With a revenue system that’s heavily dependent on income taxes on the wealthy, California’s budget has a history of unexpected booms and busts that reflect the vagaries of the national economy. In that context, it’s notable that the state Legislative Analyst’s Office (LAO) has declared that “revenue estimates are an even bigger question mark than usual for the Legislature this year.”
The source of the uncertainty is Governor Jerry Brown’s tax plan. Brown’s proposal includes both a sales tax increase and an income tax increase on individuals making at least $250,000 a year or joint filers making at least $500,000.
One question, of course, is whether Brown’s plan will pass. That will likely be decided by California’s voters in November. This year, Brown is proposing the tax increases as a ballot initiative, after Republicans in the legislature blocked his tax plan last year.
Even if the tax initiative passes, though, the LAO’s report raised doubts about whether it will be bring in as much money as Brown hopes. Brown’s budget says the initiative will bring in $6.9 billion by the end of the 2012-13 fiscal year, but LAO put the number at $4.8 billion.
The reason for the disparity, explains Justin Garosi, an LAO analyst, is different forecasts for the income tax portion of Brown’s plan.
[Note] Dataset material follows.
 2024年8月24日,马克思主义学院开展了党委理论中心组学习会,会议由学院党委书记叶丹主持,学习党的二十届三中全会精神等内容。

Those forecasts reflect different views on how much income Californians will claim in capital gains. Overall, the Brown administration thinks that Californians’ capital gains will hit $96 billion in 2012, while the LAO places the number at only $62 billion.
Forecasting capital gains is notoriously difficult. That’s partially because all economic forecasting is imprecise, but also because capital gains can rise and fall suddenly, independent of the expansions and contractions of the economy as a whole. One reason the Brown administration and the LAO came to different numbers, for example, is that the Brown administration assumes the Bush tax cuts will expire as scheduled at the end of this year. If that happens, investors are likely to claim more capital gains before their taxes go up, leading to a temporary boost in state revenue.
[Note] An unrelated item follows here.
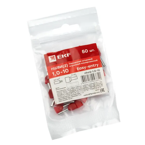 Отзывы о Наконечник штыревой втулочный ншви (2) 1,0-10 (50шт.) EKF NHVI2-1.0-10 )

The very wealthy tend to claim a greater proportion of their income in capital gains. For that reason, the revenue from Brown’s income tax plan depends heavily on the capital gains number. By targeting the rich, Brown’s plan would make California’s tax code more progressive, but also potentially more volatile. “Neither number is going to be right,” Garosi acknowledges. “With forecasting, you try to get close.”
On that point, the LAO and the Brown administration seem to agree. “The Legislative Analyst’s Office report underscores the fundamental uncertainty of our time,” Brown’s office said in a statement , “and, therefore, the financial imperative to be prudent, make the tough cuts now and give the voters a choice on additional revenues.”